• [TASK MATERIAL]:
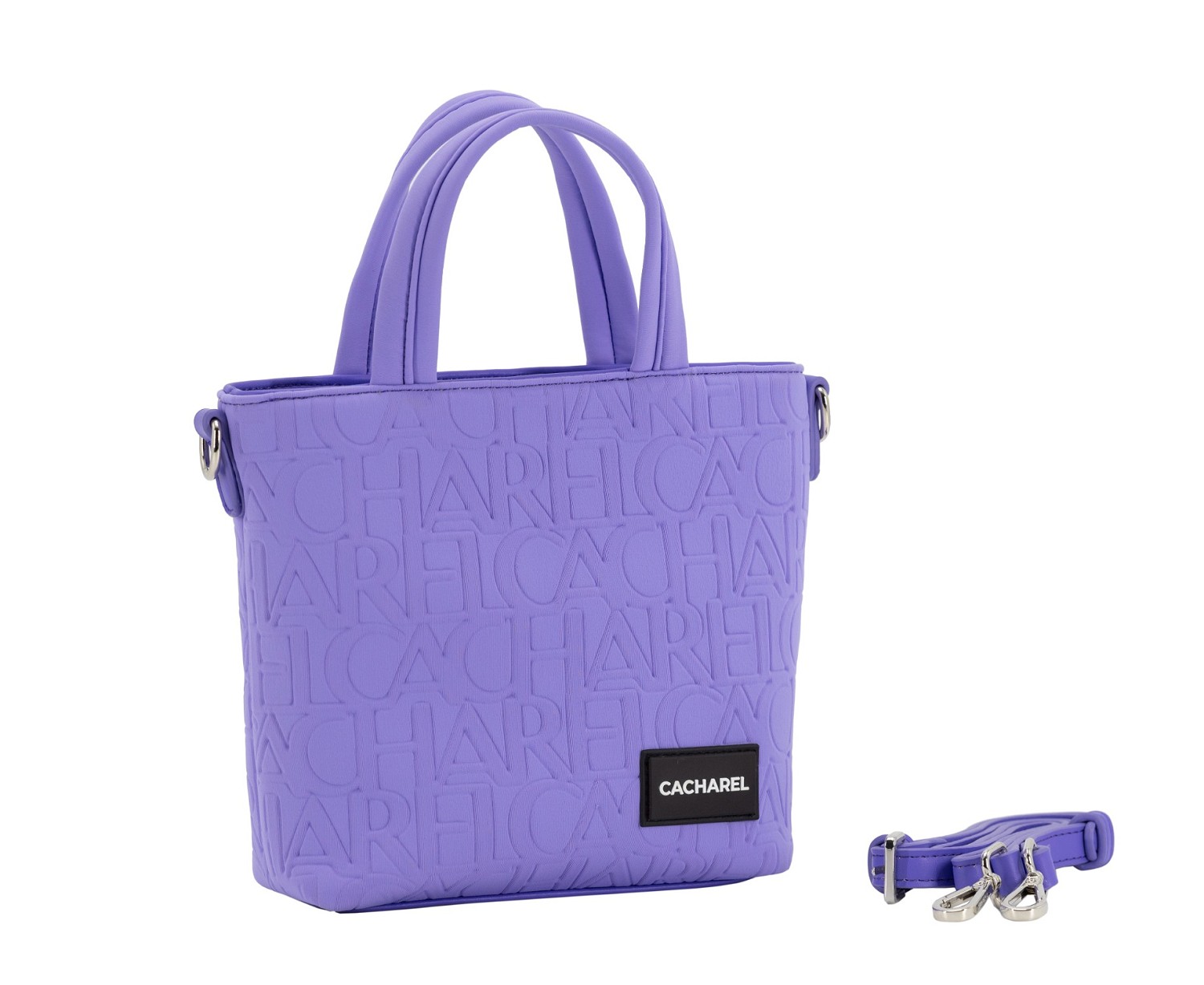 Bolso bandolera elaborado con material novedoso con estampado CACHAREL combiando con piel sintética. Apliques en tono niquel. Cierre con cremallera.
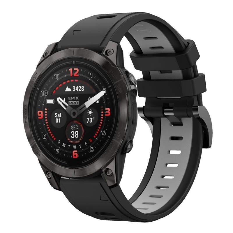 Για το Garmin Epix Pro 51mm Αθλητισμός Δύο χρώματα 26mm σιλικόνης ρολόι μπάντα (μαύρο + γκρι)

==

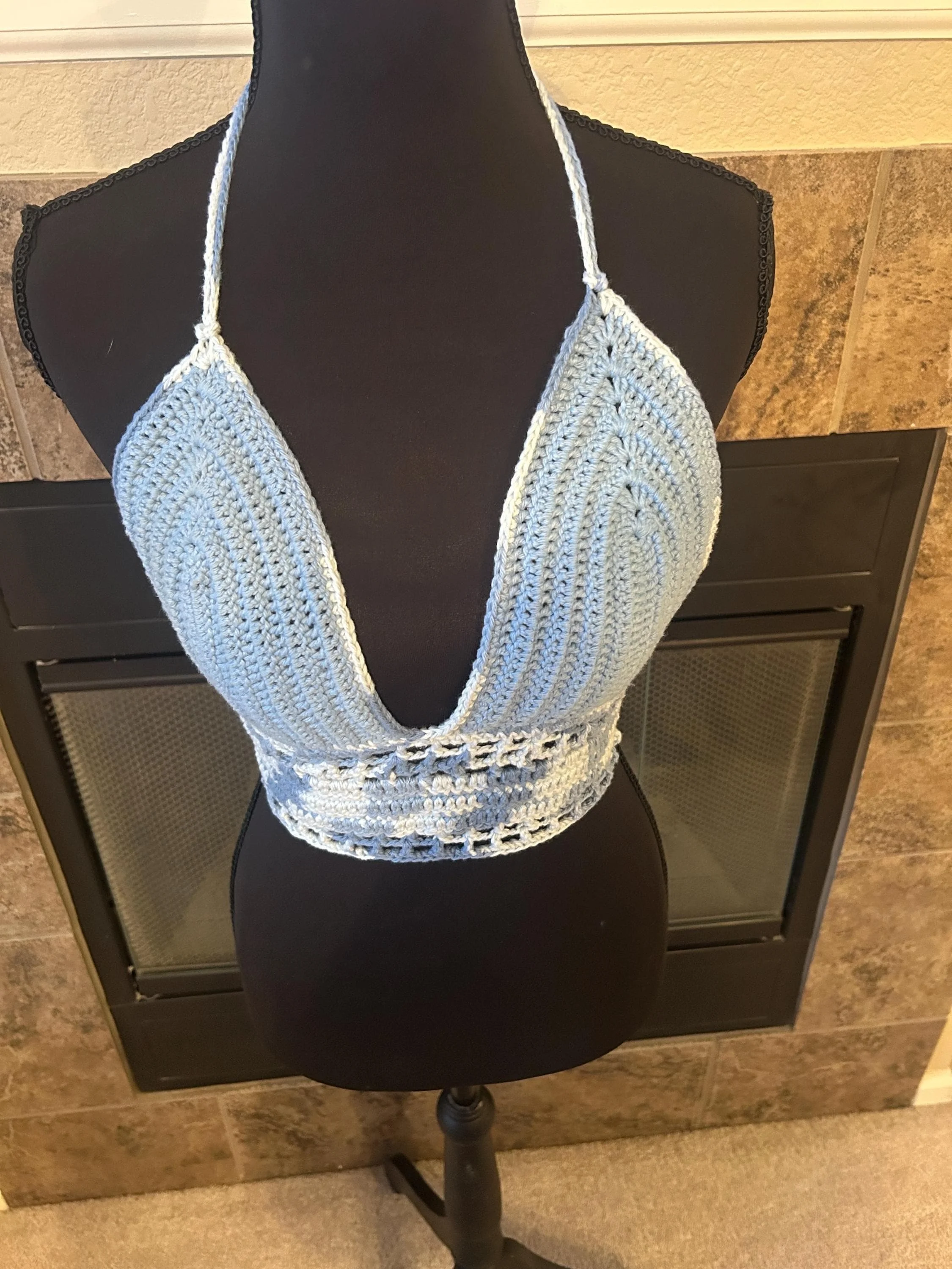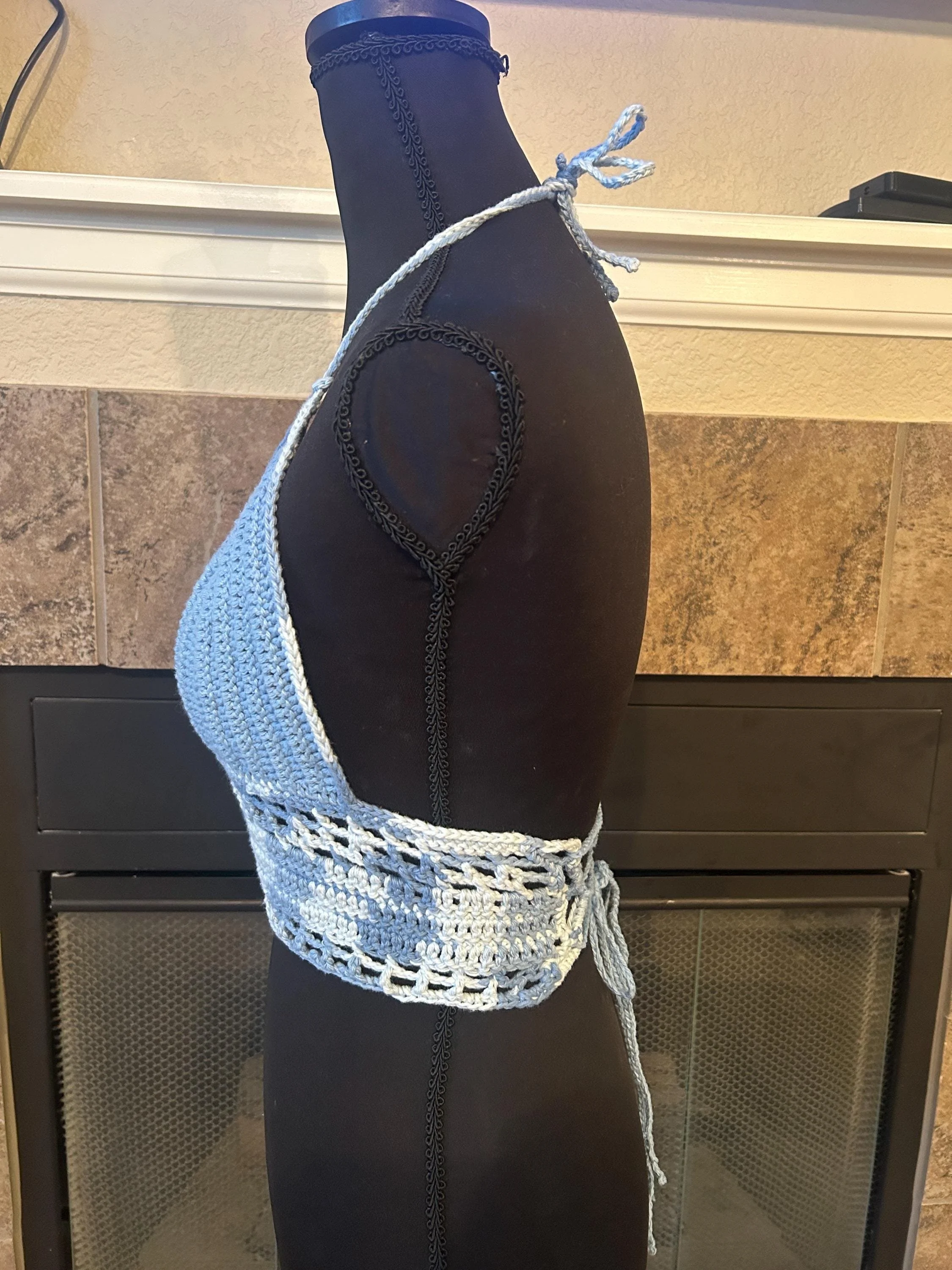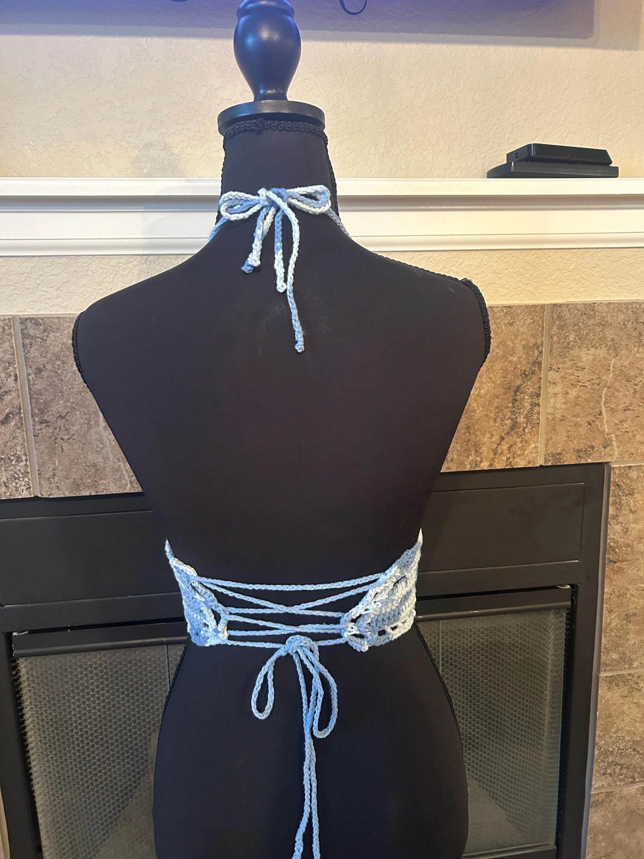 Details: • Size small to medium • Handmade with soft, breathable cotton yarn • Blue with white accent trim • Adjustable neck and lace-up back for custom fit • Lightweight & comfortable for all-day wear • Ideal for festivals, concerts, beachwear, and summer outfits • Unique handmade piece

• [WORK TASK]: In the material above, which lines fall between the one holding "Bolso bandolera elaborado" and the one holding "Για το Garmin", inclusive? Print exactly those, with the pictures left out.

• [OUTPUT OF THE TASK]:
 Bolso bandolera elaborado con material novedoso con estampado CACHAREL combiando con piel sintética. Apliques en tono niquel. Cierre con cremallera.
 Για το Garmin Epix Pro 51mm Αθλητισμός Δύο χρώματα 26mm σιλικόνης ρολόι μπάντα (μαύρο + γκρι)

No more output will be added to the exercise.